Хотя после ее замечания я очнулась и, переведя внимание на женщину, прищурилась.

– Обсуждали что? – лениво спросила я. Я бы приняла все, что бы она ни сказала. Хорошее или плохое. Я пережила все, что обо мне говорили, напомнила я себе. И когда при воспоминании об этих неприятностях у меня в душе ничего не перевернулось и не сжалось, я почувствовала себя лучше.

Тренер быстро скользнула по мне глазами, а потом одарила идиота на стуле недовольным взглядом.

– Он не должен был открывать рот, пока я все тебе не расскажу.

Я выдавила из себя только одно слово:

– Почему?

Женщина с нескрываемым раздражением глубоко вздохнула – мне был знаком этот вздох – и снова перевела взгляд на мужчину на стуле.

– Потому что мы пытаемся привлечь тебя в свою команду, вместо того чтобы напоминать о возможных причинах этого не делать.

Я моргнула.

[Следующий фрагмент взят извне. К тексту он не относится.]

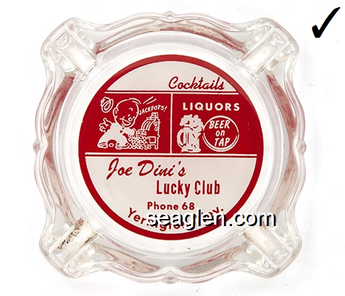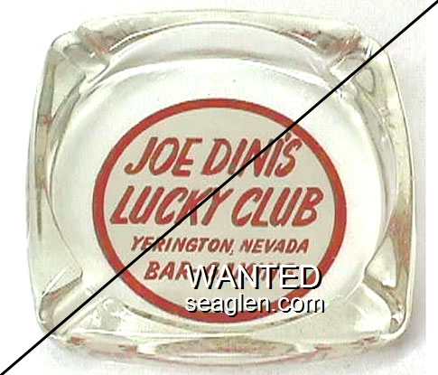 LCD-02 Lucky Club, Joe Dini's Yerington, NV 3 11/16" Clear Glass Ashtray Red on white imprint: Cocktails, Jackpots, Liquors, Beer on Tap, Joe Dini's Lucky Club, Phone 68, Yerington, Nev. |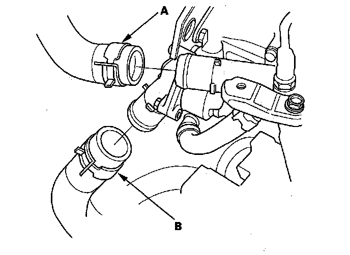8. Disconnect the upper radiator hose (A) and lower radiator hose (B).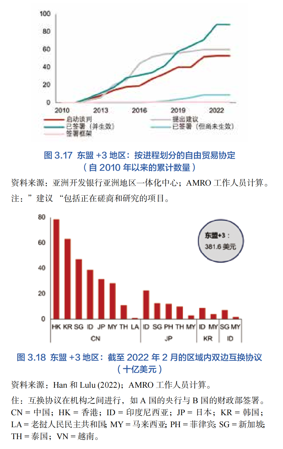 在金融方面,區域金融合作多年來同樣取得了巨大的飛躍。自1997年以來,“東盟+3”經濟體基于亞洲金融危機進行合作,并從中汲取經驗教訓,就如何進一步改善本地區的經濟和金融監管合作、加強危機應對能力、構建安全合作網絡以及促進本幣債券市場的發展開展密切合作(Khor, Guinigundo 和 Kawai, eds., 2022)。例如,2010年3月,用以支持東盟+3成員國之間流動性支持的多邊貨幣互換機制,清邁倡議多邊化(CMIM)協議正式生效,初始規模為1200億美元。13東盟和中日韓宏觀經濟研究辦公室(AMRO)于次年成立,負責對地區經濟進行監督,并支持這一地區金融安排的實施。此后,清邁倡議多邊化(CMIM)協議得到了進一步加強——2014年,該機制的規模翻了一番,達到2400億美元;2021年,各成員修訂了這一協議,將使用美元以外的成員國本幣制度化(AMRO 2023b)。除了CMIM之外,東盟+3區域內雙邊互換安排(BSAs)的規模和數量也有所增長(圖3.18)。其中90%涉及當地貨幣的東盟+3雙邊互換安排的擴大協議發生在已經建立貿易和金融聯系的經濟體。例如,東盟內部的互換協議側重于促進貿易和投資中的本幣結算,而《日本-東盟互換協議》則主要出于保持金融穩定和支持短期流動性的需求(Han 和 Lulu,2022)。

Опять.

А потом, не сумев сдержаться, повернула голову и ухмыльнулась, глядя на идиота в офисном кресле. Его ребяческая ухмылка никуда не делась, не исчезла даже тогда, когда он заметил, что я смотрю прямо на него.

Тупица, – беззвучно проговорила я, не успев сдержаться и вспомнив, что я собиралась быть выше этого.

Придурочная, – беззвучно произнес он в ответ.

После чего ухмылка быстро слетела с его лица, в принципе, как и всегда.

– Отлично, – сказала тренер Ли, раздраженно усмехнувшись, хотя в этом вообще не было ничего смешного. Я стояла и сверлила глазами демона в кресле, злясь на себя за то, что позволила ему себя разозлить. – Давайте на минуту вернемся к тому, о чем говорили. Джесмин, прошу, не обращай больше внимания сама знаешь на кого. Он не должен был открывать рта, чтобы не испортить наш важный разговор, о котором он прекрасно осведомлен.

Мне потребовалось собрать всю волю в кулак, чтобы снова повернуться к женщине, вместо того чтобы сосредоточиться на мужчине слева от меня.

Тренер Ли одарила меня улыбкой, которую я назвала бы безнадежной, принадлежи она кому-то другому. Она продолжала идти к своей цели напролом.

– Нам с Иваном хотелось бы, чтобы ты стала его новой партнершей. – Ее брови приподнялись, а на лице застыла та странная улыбка, которой я не верила. – Если тебе это интересно.

Нам с Иваном хотелось бы, чтобы ты стала его новой партнершей.

Если тебе это интересно.

Они – люди, которые выглядели и говорили как тренер Ли и Иван – хотели, чтобы я стала его новой партнершей?

Я.

Это просто дурацкая шутка, да?

За долю секунды я успела подумать, что здесь не обошлось без Карины, но потом решила, что этого не может быть. Прошло больше месяца с нашего последнего разговора. И она слишком хорошо знала меня, чтобы попытаться совершить нечто подобное. Тем более когда в это замешан не кто-нибудь, а Луков.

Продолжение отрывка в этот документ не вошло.